**Task brief:** Beginning with the line that contains "I saw Orly In" and ending with the line that contains "ESCI期刊Lancet Regional Health-Americas历年拒稿占比", reproduce the lines of the entries below exactly, omitting pictures.

**Data extract:**
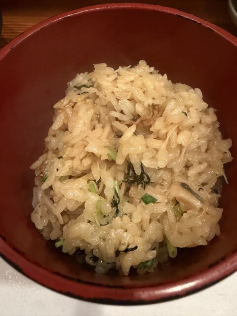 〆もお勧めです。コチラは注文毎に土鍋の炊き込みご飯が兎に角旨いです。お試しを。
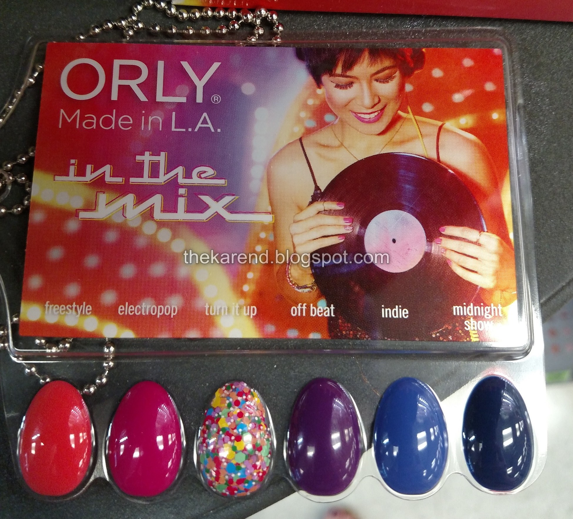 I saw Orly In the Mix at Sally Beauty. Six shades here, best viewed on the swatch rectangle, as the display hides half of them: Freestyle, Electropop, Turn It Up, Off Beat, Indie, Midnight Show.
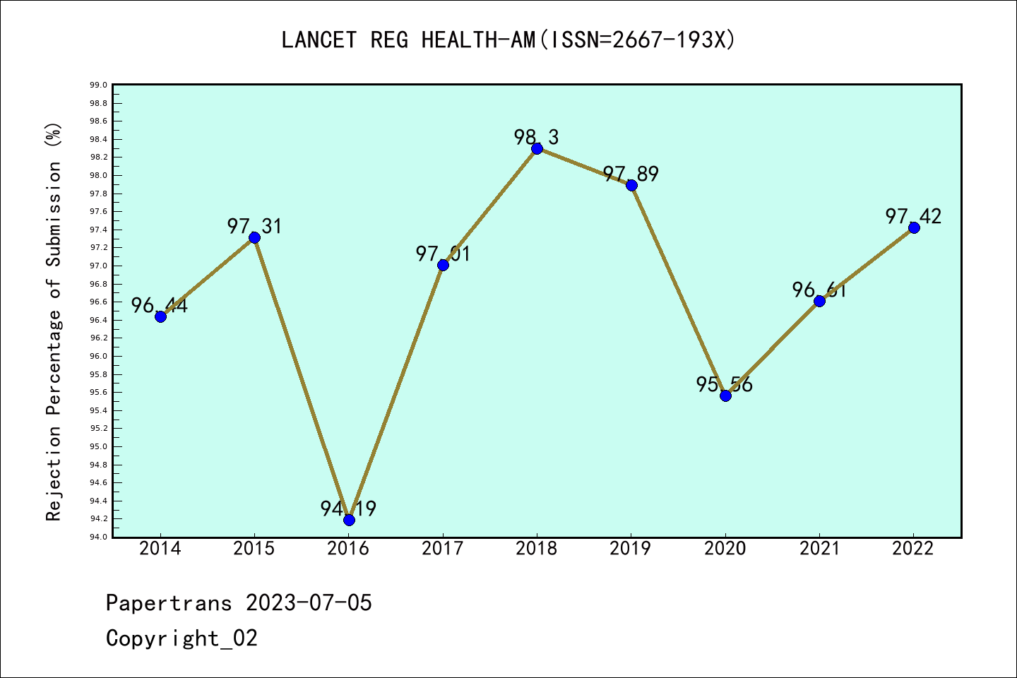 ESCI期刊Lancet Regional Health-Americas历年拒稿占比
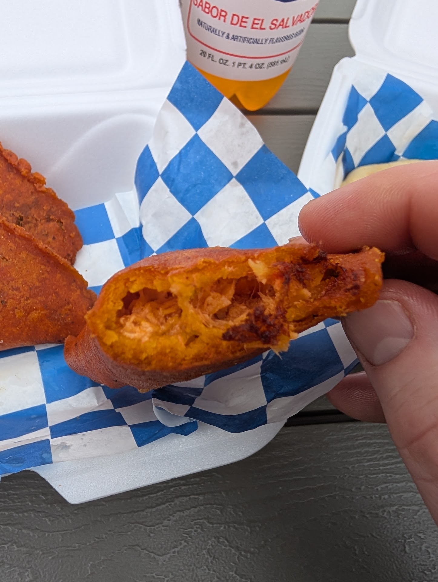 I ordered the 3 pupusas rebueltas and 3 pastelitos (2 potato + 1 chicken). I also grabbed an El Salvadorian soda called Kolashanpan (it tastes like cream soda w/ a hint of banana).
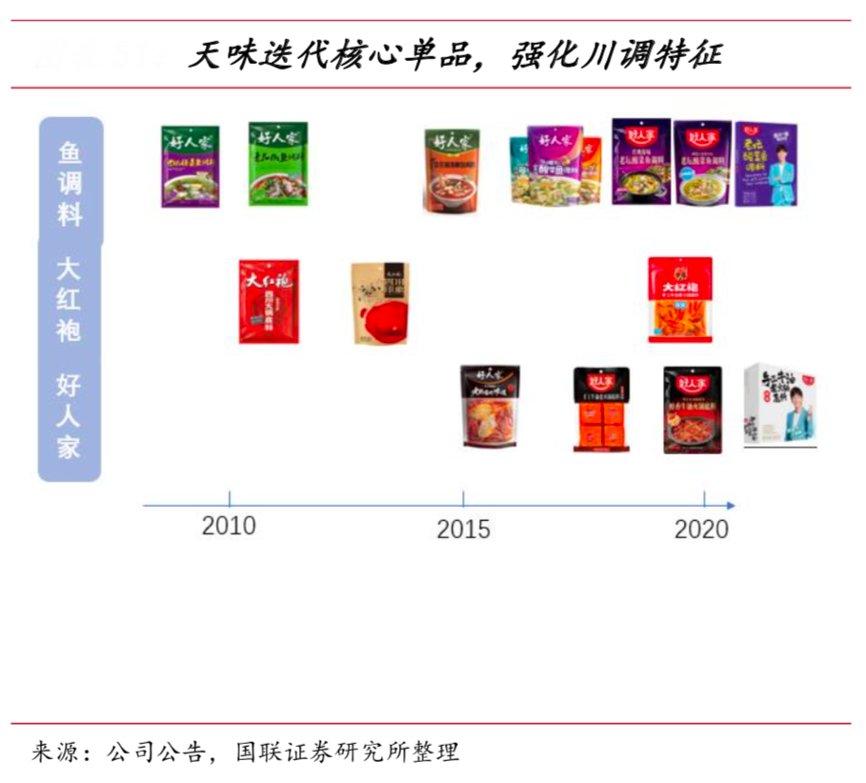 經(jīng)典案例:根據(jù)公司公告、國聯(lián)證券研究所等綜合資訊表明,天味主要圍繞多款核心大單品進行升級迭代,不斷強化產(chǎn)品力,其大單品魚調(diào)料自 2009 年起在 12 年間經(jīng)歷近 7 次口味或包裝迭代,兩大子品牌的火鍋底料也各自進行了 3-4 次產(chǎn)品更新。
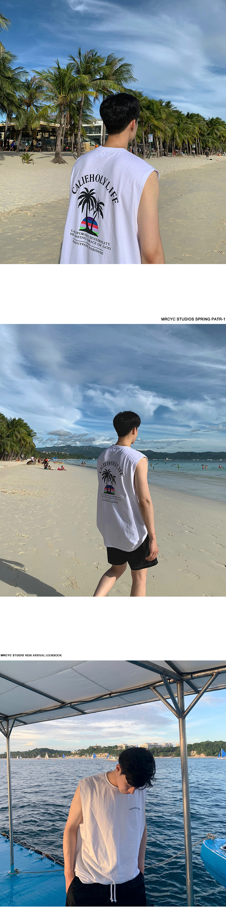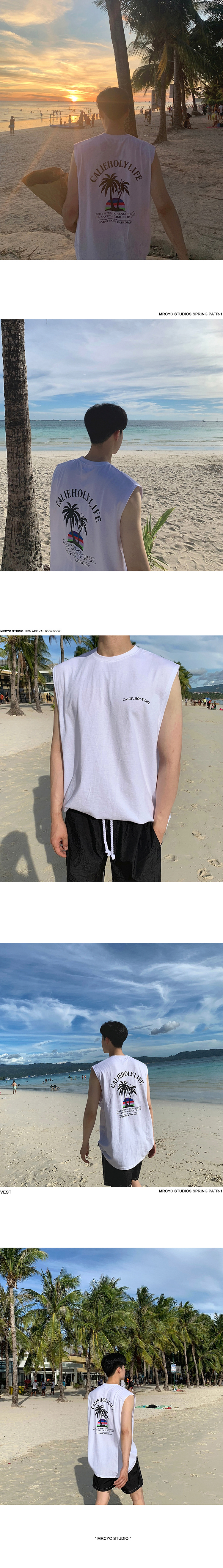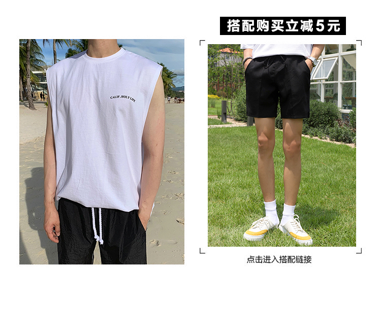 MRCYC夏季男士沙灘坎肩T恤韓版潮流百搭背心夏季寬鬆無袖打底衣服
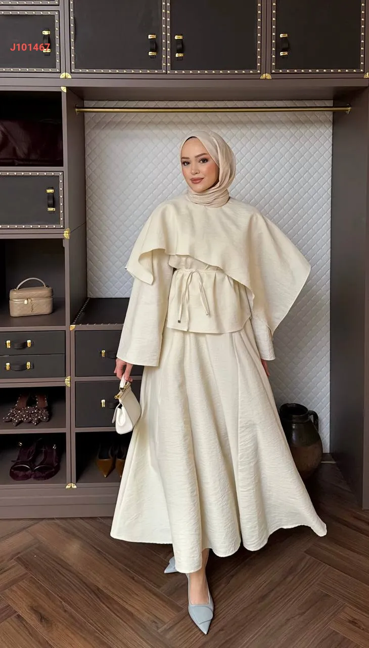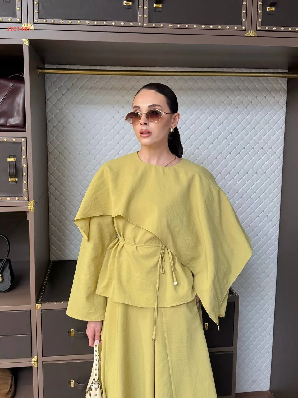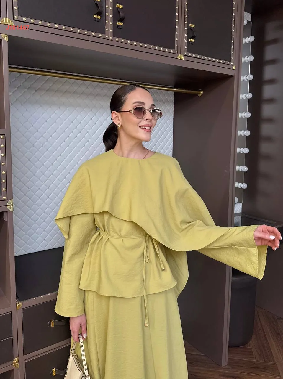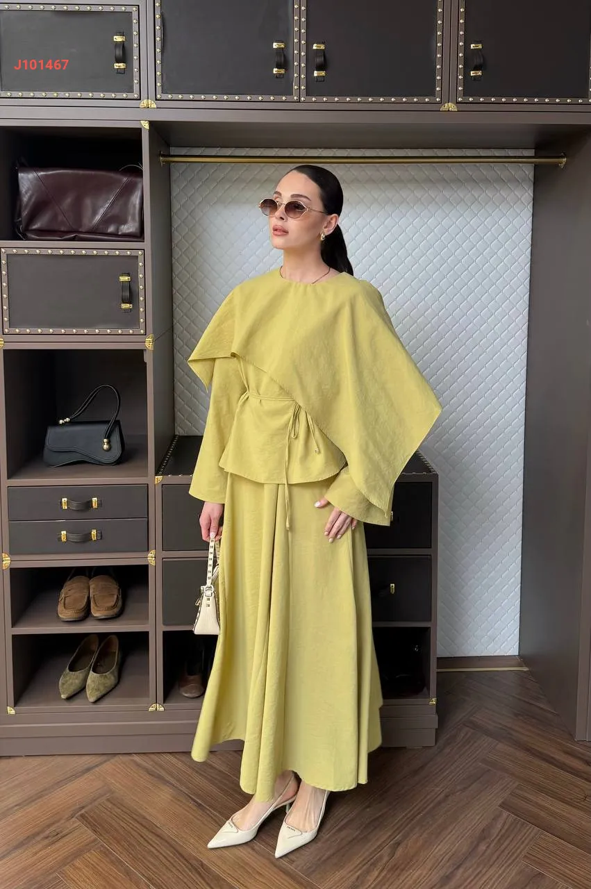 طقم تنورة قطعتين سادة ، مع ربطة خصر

**Your response:**
 I saw Orly In the Mix at Sally Beauty. Six shades here, best viewed on the swatch rectangle, as the display hides half of them: Freestyle, Electropop, Turn It Up, Off Beat, Indie, Midnight Show.
 ESCI期刊Lancet Regional Health-Americas历年拒稿占比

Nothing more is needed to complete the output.